*WORK INSTRUCTIONS*.
Starting at the top of the records below and ending with the line that contains "AM21年ホイールパターン,AM22-イ", print each line exactly as written, skipping the pictures.

====

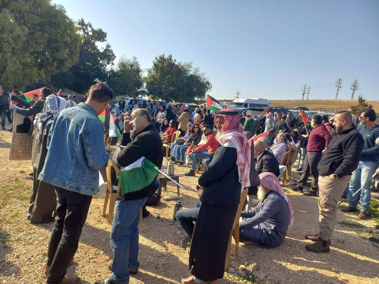 ورفع المشاركون في الوقفة الإسنادية، وبينهم قيادات فلسطينية وفصائل العمل الوطني، العلم الفلسطيني، وشعارات منددة بمشاريع الاحتلال الاستيطانية الهادفة إلى تهجير المقدسيين من أراضيهم.
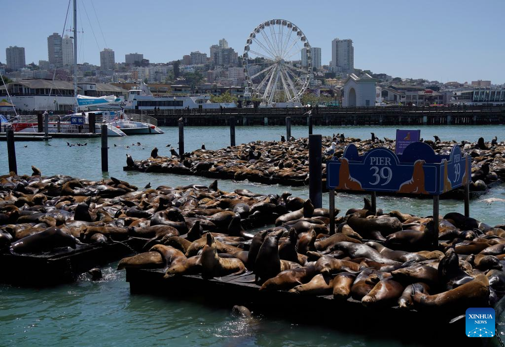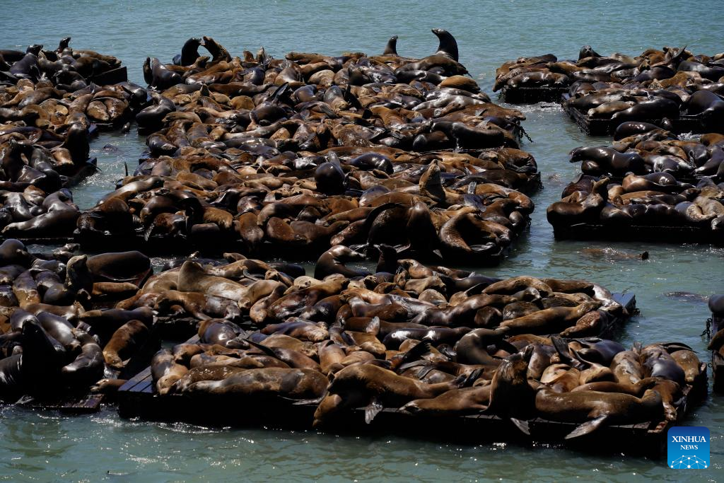 Sea lions sunbathe on rafts at Pier 39 in San Francisco, California, the United States, May 23, 2024. (Photo by Li Jianguo/Xinhua)
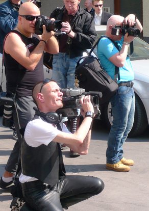 Vor dem BRANDENBURGER TOR stellen sich alle Kandidaten der GERMAN MR. LEATHER WAHL 2013 und die Jury den Fragen und Kameras der Presse.
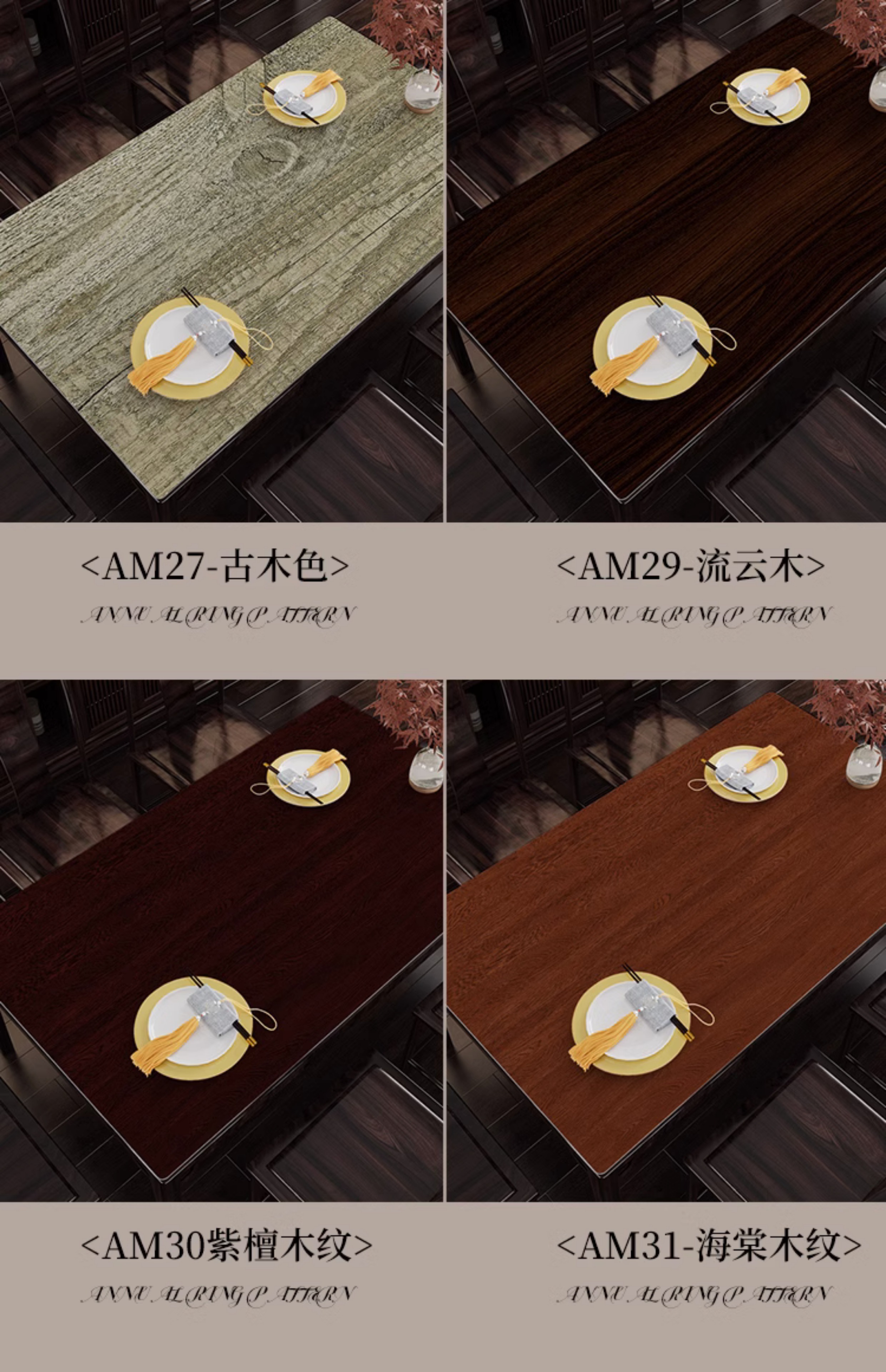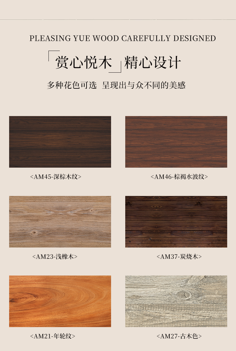 AM21年ホイールパターン,AM22-イエローオーク,AM24-ヴィンテージオーク,AM29-リウユンム,AM30 ローズウッドグレイン,AM31-ベゴニア木目,AM35-梨木目,AM36-ボルドーウォールナット,AM37-木炭焼き,AM40-ラバー木目,AM41-アカシア木目,AM45-ダークブラウン木目,AM46-タン水の波紋,AM57-北米産ウォールナット,AM58-南米産マホガニー,AM60-北欧ログ,AM61-アジアンウォールナット,AM62-チーク,AM63-ヒッコリー,AM64-ホワイトメープル
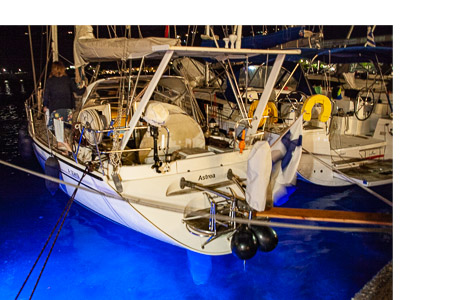 Hurjaa keinumista jatkui koko yön. Rivistön kaksi 50-jalkaista charter-venettä murjoi peräpeilinsä kivilaituriin, ja viisi venettä pakeni yöllä toiseen lahteen ankkuriin. Me irrottauduimme aamuyöllä laiturista ja jäimme kahden ankkurin varaan laiturin ulkopuolle odottamaan tuulen tyyntymistä. Yksi purjevene kärsi konerikosta, ja vene jäi kivilaituriin. Konerikko ja veneen kyljen murjominen veivät mehut miehistöltä heti kauden alussa. Astrean haveri rajoittui uimatikkaiden vääntymiseen, jonka katamaraani aiheutti peräköyden kiristyessä. Siirryimme aamulla ankkuriin toiseen lahteen unettoman yön jälkeen.
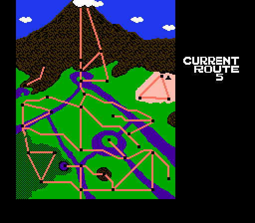 And the game offers a lot – at the end of Route 1 is a small statue of a demon head. Once touched, it brings you back to the map screen, only this time Bang’s placement has moved to indicate the player’s progress. Additionally, they’re now able to make a choice using the B button; they can either move on to assorted other Routes or head back the way they came. The only real indication of a goal at this point comes from the intro (find Professor Plum), and from Tom Guycot, a caped skeleton who accosts you on Route 1 to tell you that he’s scattered the seven medallions necessary to disarm the Doomsday Bomb. Where those medallions are and how to find them is left to the player’s devices, or possibly a quick internet search.
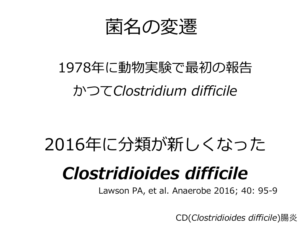 #69. 菌名の変遷 1978年に動物実験で最初の報告 かつてClostridium difficile 2016年に分類が新しくなった Clostridioides difficile Lawson PA, et al. Anaerobe 2016; 40: 95-9 CD(Clostridioides difficile)腸炎
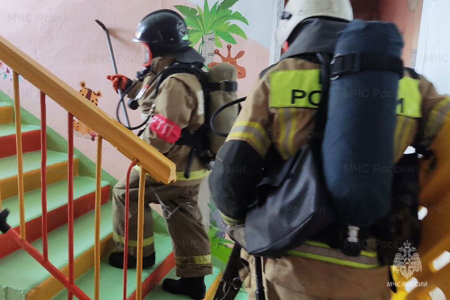 По легенде, пожар площадью 10 кв. м возник на 2 этаже в кабинете заведующей детсада «Звездочка». При этом 2 человека будто не смогли самостоятельно покинуть здание из-за сильной задымленности. Во время учений задействовали все оперативные службы города.
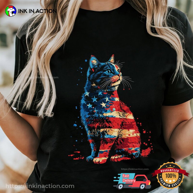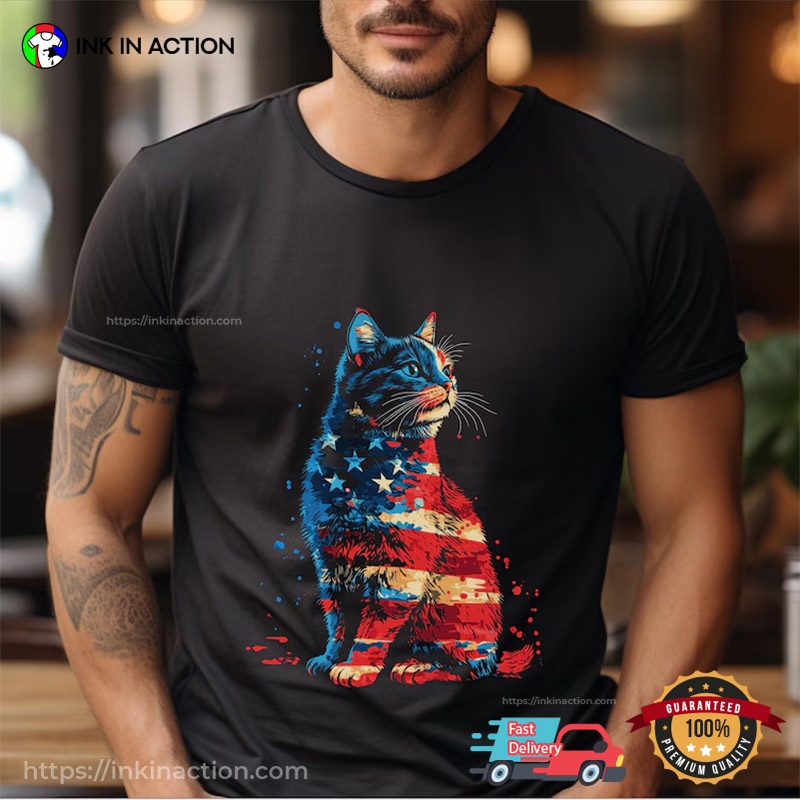 Patriotic Cat American Flag Art Tee: Purrfection You Can Wear!

====

*ANSWER SECTION*.
 ورفع المشاركون في الوقفة الإسنادية، وبينهم قيادات فلسطينية وفصائل العمل الوطني، العلم الفلسطيني، وشعارات منددة بمشاريع الاحتلال الاستيطانية الهادفة إلى تهجير المقدسيين من أراضيهم.
 Sea lions sunbathe on rafts at Pier 39 in San Francisco, California, the United States, May 23, 2024. (Photo by Li Jianguo/Xinhua)
 Vor dem BRANDENBURGER TOR stellen sich alle Kandidaten der GERMAN MR. LEATHER WAHL 2013 und die Jury den Fragen und Kameras der Presse.
 AM21年ホイールパターン,AM22-イエローオーク,AM24-ヴィンテージオーク,AM29-リウユンム,AM30 ローズウッドグレイン,AM31-ベゴニア木目,AM35-梨木目,AM36-ボルドーウォールナット,AM37-木炭焼き,AM40-ラバー木目,AM41-アカシア木目,AM45-ダークブラウン木目,AM46-タン水の波紋,AM57-北米産ウォールナット,AM58-南米産マホガニー,AM60-北欧ログ,AM61-アジアンウォールナット,AM62-チーク,AM63-ヒッコリー,AM64-ホワイトメープル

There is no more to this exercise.